提督から認識票を受け取った鳳翔はあることに気付いた。

 

「これの持ち主の方って女性の方だったんですか」

 

鳳翔の言葉を聞いて提督は軽く驚いた顔をした。

 

「よく分かったな。一応俺以外は分からないように友人が予め名前や認識番号の一部を削り取っていたはずなんだが」

 

「あ、いえ。勘です」(裏に住所と電話番号が手書きで……)

 

「大佐」

 

「ん?」

 

「もし、もしよろしければ」(もし大佐が妙な鈍感を発揮してこれを見ていなかったら……)

 

「なんだ?」

 

何か後ろめたい事でもあるかのようにモジモジしながらなかなか出だせないでいる鳳翔を提督は不思議に思った。

 

「このご友人の認識票、私に……」(上手くすれば……)

 

「何?」

 

今度こそ提督は意外そうな顔をした。

流石に鳳翔がそんな要求をしてくるとは予想外だったからだ。

 

「あ、いえ! ただちょっと珍しくて本当に大佐さえよければでいいんです! へ、変な事をお願いしてしまってすいません! や、やっぱりいいで……」

 

「ふむ……」

 

提督は慌てて自分の希望を取り下げようとする鳳翔を見ながら友人からこれを貰った時の事を思い出した。

 

 

『これは?』

 

『見りゃ分かるじゃん。認識票』

 

『いや、お前軍を辞めたんだろ。これは』

 

『複製したんだよ』

 

『レプリカか? おいおい、もしバレたら……』

 

『提督君だったら言わないっしょ? 大丈夫だって一応名前とか認識番号の一部は削ってあるから』

 

『だからってな……。あと、提督君はやめてくれ』

 

『お別れの記念だと思ってよ。ねっ』

 

『ふむ……分かった。じゃぁせっかくだから』

 

『良かった! まぁあくまで記念だしレプリカだから適当に扱っていいからさ!』

 

『まるで俺が失くす前提のような言い方だな』ムッ

 

『あはは。それは、どーかなー? ま、とにかく貰ってくれてありがとね!』

 

 

「……」

 

「大佐?」

 

「ああ、いいぞ」

 

「え? ほ、本当ですか!?」

 

提督の言葉に心の底から驚いたような声をあげると、程なくして何故か何かに安心したような穏やかな表情をした。

 

「ああ、友人も適当に使ってくれとか言っていたしな。勿論そんなつもりはないが、お前なら大事に扱ってくれるだろう」

 

「あ、ありがとうございます!」

 

「そんなに嬉しいか?」(随分大袈裟に感謝するんだな)

 

「あ、貰えるとは思ってなかったので」

 

「まぁそこはお前を信用してる証だとでも思ってくれればいいさ」

 

「大佐……ありがとうございます。本当に」

 

鳳翔は内心自分の行動を卑劣だと嫌悪しつつも少し安心していた。

提督が誰とでも付き合ってくれるとは言ってくれたとはいえ、やはり人間の女性には強い優位性があると思う。

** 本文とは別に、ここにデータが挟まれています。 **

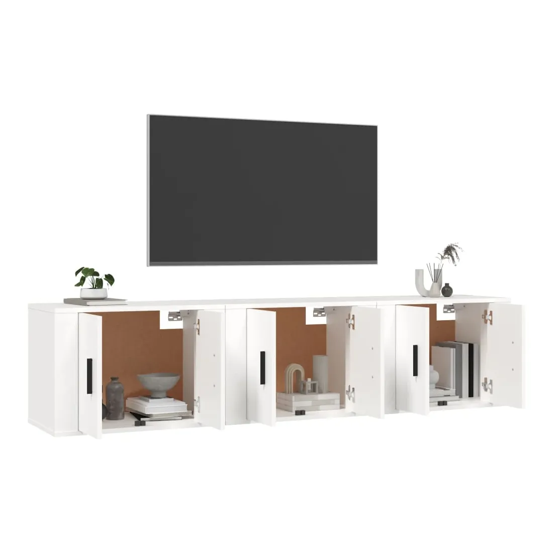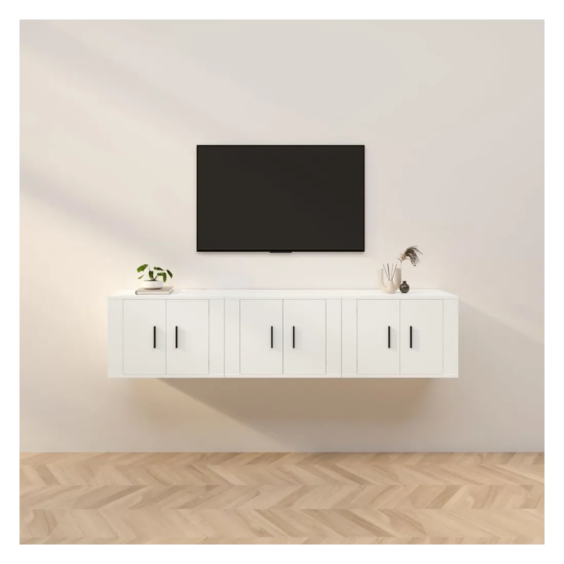 Ces meubles TV muraux présentent un design élégant et classique, ce qui en fait une extension décorative et pratique de votre décor. Matériau durable : le bois d'ingénierie est d'une qualité exceptionnelle avec une surface lisse et présente également résistance, stabilité et résistance à l'humidité.Grand espace de rangement : le meuble TV a un compartiment, offrant un grand espace de rangement pour vous permettre d'organiser des articles comme un lecteur multimédia, des magazines et d'autres choses.Fonction de montage au mur : le meuble TV ne prend pas de place au sol. Vous pouvez l'accrocher au mur facilement.Dessus robuste : le dessus de l'armoire multimédia est un endroit idéal pour ranger des objets tels que des livres et des ornements.Portes pratique : gardez vos essentiels à l'abri de la poussière en les cachant derrière la porte de l’unité multimédia. Bon à savoir :Pour faciliter au maximum le montage, chaque produit est livré avec des instructions.Les vis et les chevilles pour l'intérieur du mur ne sont pas incluses. Nous vous conseillons de trouver et d'utiliser des vis et des chevilles adaptées spécifiquement à vos murs. Si vous n'êtes pas sûr, vous pouvez consulter un professionnel. Veuillez lire et suivre chaque étape des instructions.
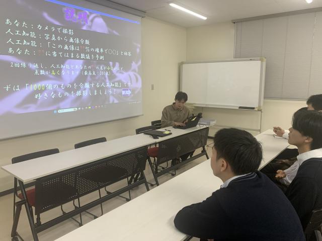 神経AIインテグレーション研究室では、AIが画像を認識して判断する体験や事前学習に頼らず自律的に機能するAIの研究を紹介していただきました。AIの判断の仕組みやAI学習の奥深さを実感しました。
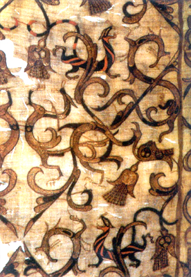 湖北江陵馬山楚墓出土。見于龍鳳虎紋繡羅單衣衣面;野咨_繡地。繡線可見紅棕、棕、黃綠、土黃、桔紅、黑、灰色。圖案由龍、鳳、虎三種動物組成。一側(cè)為鳳鳥,雙翅張開,有花冠,腳踏小龍。另一側(cè)是滿布紅黑(或灰)色條紋的斑斕猛虎,張牙舞爪朝前方奔逐大龍。大龍作抵御狀。圖案色彩鮮艷,繡工精細。
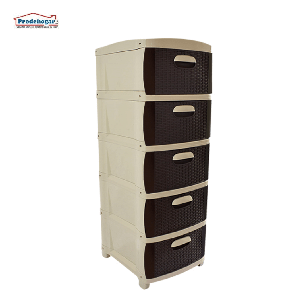 PRACTIMUEBLE DUBAI 5 NIVELES RATTAN BG-CF PRODEHOGAR REF 390ORR5N19; El mueble organizador prodehogar de 5 niveles; con dimenciones de 114 cm de alto, 40 de ancho, 50 de largo, fabricado en plastico en alta calidad en polipropileno para los que buscan decoración y ahorro de espacio al mismo tiempo. Es el preferido para los hogares donde se requiere optimizar el espacio, para ubicar en la cocina, habitaciones, oficina o espacios de hobbies, variedad y combinacion de colores en efecto rattan y liso, ideal para organizar y decorar cualquier espacio de tu hogar. Resistente y duradero, con un diseño moderno y elegante
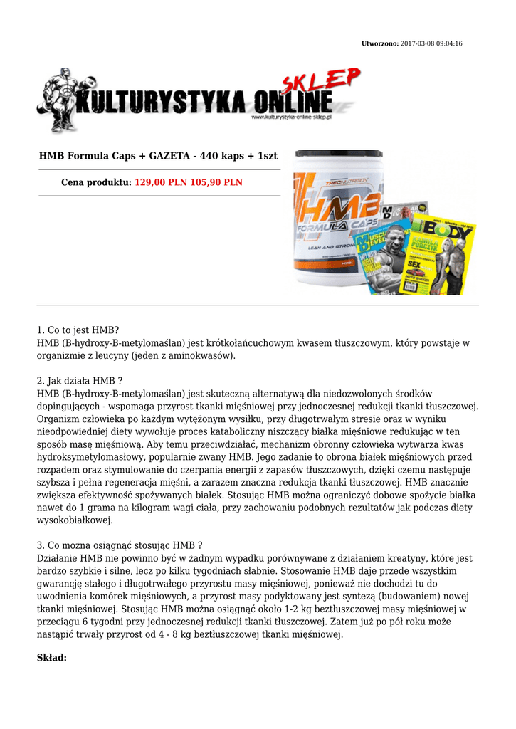 Utworzono: 2017-03-08 09:04:16 HMB Formula Caps + GAZETA - 440 kaps + 1szt Cena produktu: 129,00 PLN 105,90 PLN 1. Co to jest HMB? HMB (B-hydroxy-B-metylomaślan) jest krótkołańcuchowym kwasem tłuszczowym, który powstaje w organizmie z leucyny (jeden z aminokwasów). 2. Jak działa HMB ? HMB (B-hydroxy-B-metylomaślan) jest skuteczną alternatywą dla niedozwolonych środków dopingujących - wspomaga przyrost tkanki mięśniowej przy jednoczesnej redukcji tkanki tłuszczowej. Organizm człowieka po każdym wytężonym wysiłku, przy długotrwałym stresie oraz w wyniku nieodpowiedniej diety wywołuje proces kataboliczny niszczący białka mięśniowe redukując w ten sposób masę mięśniową. Aby temu przeciwdziałać, mechanizm obronny człowieka wytwarza kwas hydroksymetylomasłowy, popularnie zwany HMB. Jego zadanie to obrona białek mięśniowych przed rozpadem oraz stymulowanie do czerpania energii z zapasów tłuszczowych, dzięki czemu następuje szybsza i pełna regeneracja mięśni, a zarazem znaczna redukcja tkanki tłuszczowej. HMB znacznie zwiększa efektywność spożywanych białek. Stosując HMB można ograniczyć dobowe spożycie białka nawet do 1 grama na kilogram wagi ciała, przy zachowaniu podobnych rezultatów jak podczas diety wysokobiałkowej. 3. Co można osiągnąć stosując HMB ? Działanie HMB nie powinno być w żadnym wypadku porównywane z działaniem kreatyny, które jest bardzo szybkie i silne, lecz po kilku tygodniach słabnie. Stosowanie HMB daje przede wszystkim gwarancję stałego i długotrwałego przyrostu masy mięśniowej, ponieważ nie dochodzi tu do uwodnienia komórek mięśniowych, a przyrost masy podyktowany jest syntezą (budowaniem) nowej tkanki mięśniowej. Stosując HMB można osiągnąć około 1-2 kg beztłuszczowej masy mięśniowej w przeciągu 6 tygodni przy jednoczesnej redukcji tkanki tłuszczowej. Zatem już po pół roku może nastąpić trwały przyrost od 4 - 8 kg beztłuszczowej tkanki mięśniowej. Skład: skład w porcji dziennej (6 kapsułek) jednostka HMB 3012 mg Wapń 720 mg rda 90% *RDA - rekomendowane dzienne zapotrzebowanie Sposób użycia: Amerykańskie testy wykazały, że suplementacja 2,5g (czyli 3g Ca-HMB) dziennie pokrywa znaczną część zapotrzebowania organizmu na HMB. Odpowiednie dawkowanie, to około 0,15 grama na każde 10kg masy ciała bezpośrednio po treningu. Kolejne dawki należy spożywać w ciągu 24 godzin po treningu od 2 do 3 razy dziennie po 0,10g na każde 10kg masy ciała. Najlepsze pory przyjmowania to rano po przebudzeniu oraz przed snem. Warunkiem budowania trwałej masy mięśniowej jest maksymalizowanie procesów anabolicznych i minimalizowanie procesów katabolicznych. W pierwszym i drugim procesie kluczową rolę odgrywa HMB. Surowiec importowany jest z amerykańskiego laboratorium Metabolic Technologies Inc. GAZETA - 1szt LOSOWO WYBRANY NUMER CZASOPISMA. TREC - HMB Formula Caps - 440kaps - Black Friday Ilość Adres: http://www.ko.sklep.pl/ - Telefon: kom. 782 010 880 Email: [email protected]
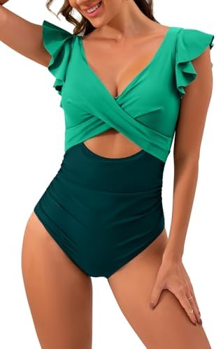 B2prity Women Cutout One Piece Skirt Swimsuit V Neck Wrap Tie Back Swimdress Tummy Control Bathing Suits B2prity Women Cutout One Piece Skirt Swimsuit V Neck Wrap Tie Back Swimdress Tummy Control Bathing Suits
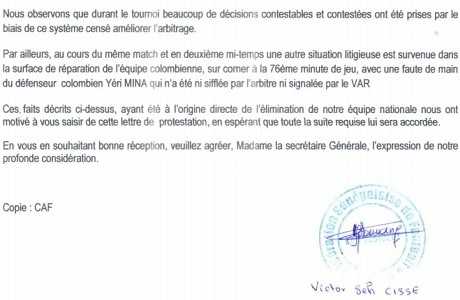 La lettre de réclamation du Sénégal
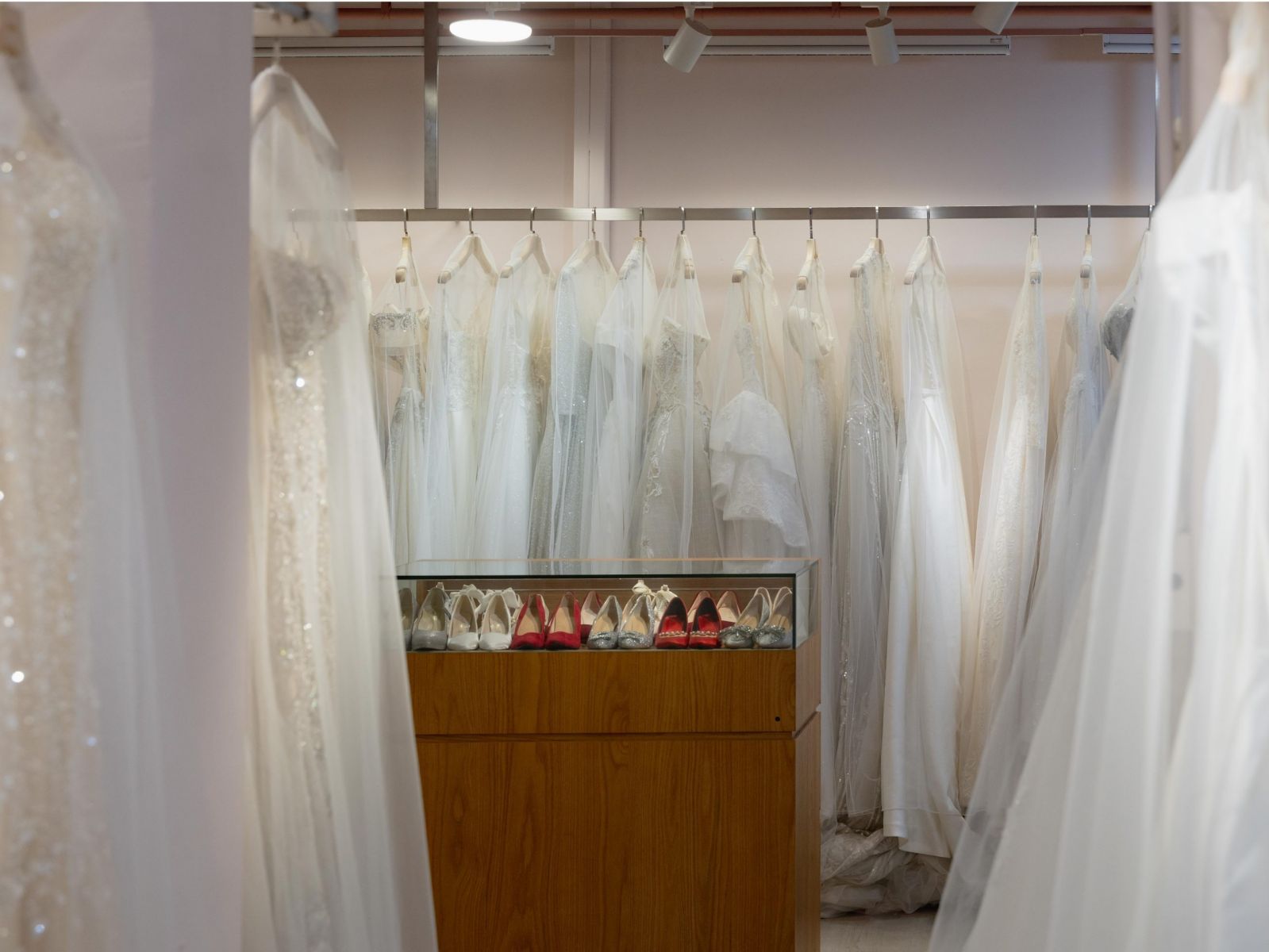 沿著充滿設計感的樓梯拾級而上,就是讓我這個「禮服控」眼睛為之一亮的二樓禮服陳列區。空間規劃得宜,每個區域都分割鮮明,通道寬敞,讓我可以輕鬆自在地穿梭其中,隨意拉起喜歡的禮服細看。這裡的禮服款式真的超級豐富,從典雅的A字裙、浪漫的魚尾裙到豪華的公主裙,各種風格應有盡有。

だからなるべくは、そう言った強敵は、できれば少なくあって欲しいという鳳翔なりの秘めたる独占欲だった。

流石にこれを廃棄したりなどは間違ってもするつもりはないので、敢えて隠したりもせず大事に保管するつもりだが。

できれば本人にはこの事は気付かないでいて欲しい。

 

鳳翔は提督に感謝しながらもそんな事を複雑な気持ちで考えていた。




ちょっと黒い鳳翔さんでした。
この通り悪い事をしてしまったと思いつつも、提督が好きな気持ちは凄く強く秘めているというイメージが彼女は個人的にあるんですよね。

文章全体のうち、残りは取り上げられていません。